Working with colour maps

A colour map is simply image data where we have assigned specific colour values to be associate with other data. For example red (0xFF0000) might mean true, while blue (0x0000FF) might mean false. It’s pretty basic, but lets look at a more real world example.

I layered isometric grid (sometimes referred to an even/odd grid) is made up of a series of tiles. A common use for such grids is in tile based video game engines, see Wiki Entry. Below is an example of one.

A tile gid

When working with grids a very common task/need is to be able to determine which tile is under a specific point, for example the mouse position. If the grid is strictly a static image, we must the rely on math to determine that tile. When using square based grids that’s easy, but it more complex grids, like the one above, this causes problems. Now we could figure it out purely mathematically, if I were to do so I’d probably take an approach that involved vectors and rotating the axis. This mathematical solution however is quite complex, and additionally could prove to be somewhat processor intensive, (depending on how many positions you need to check.)

So lets look at the how. Firstly, start by pretending the grid is rectangle based, after all the bounding box of our diamond shaped tile is a rectangle. Consider the following example.

a square grid

We can quickly an easily determing which tile we are in with the following equation:

column = pointx / TILE_WIDTH;
row = pointy / TILE_HEIGHT;

So now we know the square region we are in, but that could be one of the 5 tiles that happen to fall within the location, this is where our colour map comes in use. Our colour map will consist of 5 colours, each of which will be associate with the 5 spots within our rectangle. Below is an example of our actual tile shape, and beside it our colour map.

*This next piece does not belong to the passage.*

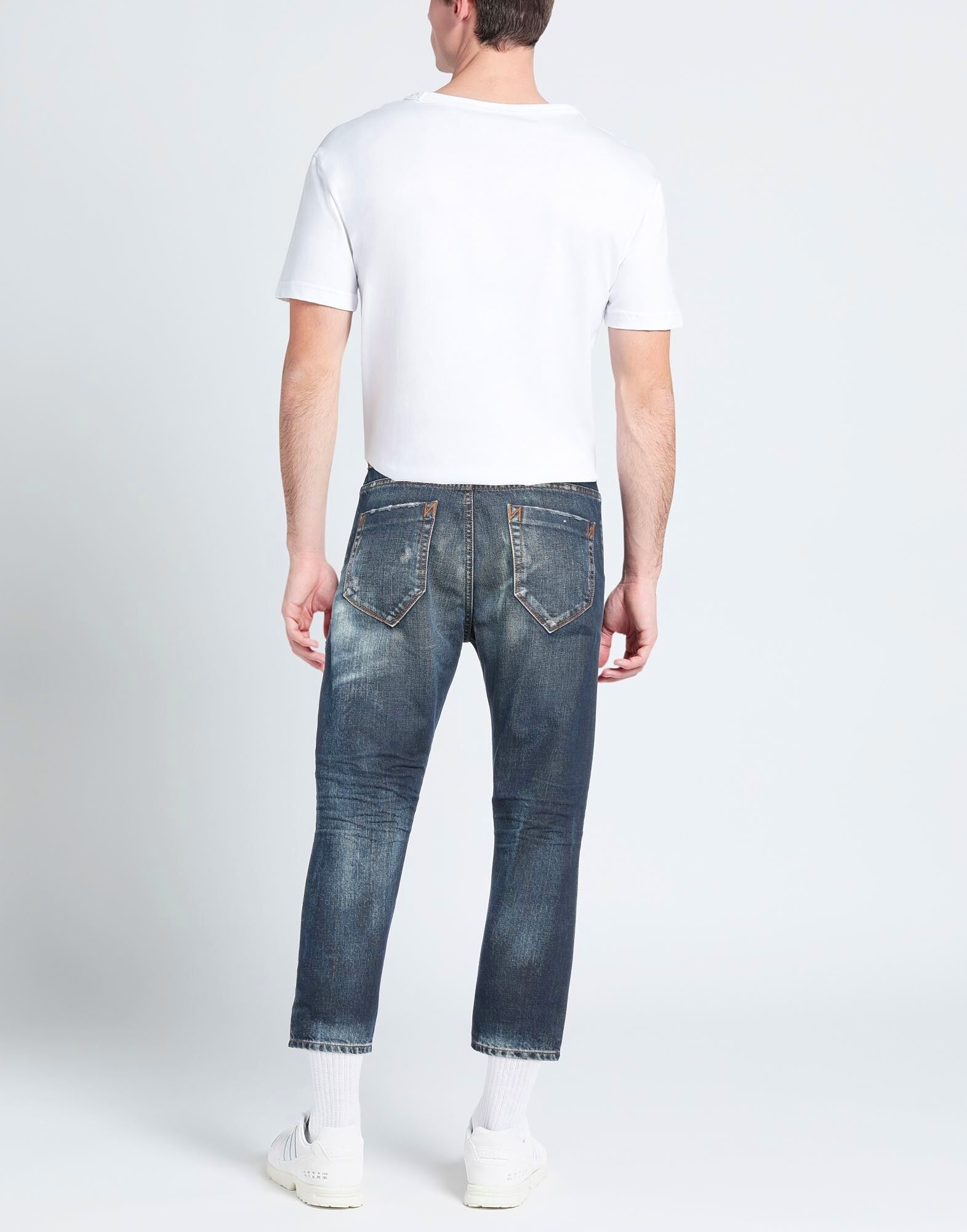 Джинсовая ткань, выцветшая, рваная, контрастные вставки, однотонная, темный оттенок, высокая талия, шлевки для ремня, зауженные штанины, узкие брюки, без подкладки, 1 пуговица, скрытые пуговицы, пять карманов, модель узких кроев

the real tile The colour map

A picture is worth a thousand words:

Colour map in context

Now it should be clear how we can use that data, quite clearly we know if the colour under the requested point is white, we are on the center tile, if its red, we are in the upper left tile, ect.

Rather than adding the colour map to our display list and repositioning it as our mouse moves we can use this quick equation to determine the location we would be on a tile at that location.

tileLocalX = pointx % TILE_WIDTH;
tileLocalY = pointy % TILE_HEIGHT;

Then we use get pixel on the bitmapData of our colour map we can retrieve the colour value:

colour = getPixel(tileLocalX, tileLocalY);

That’s a pretty quick run down, but I think it covers all the important points. This is a pretty specific situation, but obviously it could be used in a variety of situations.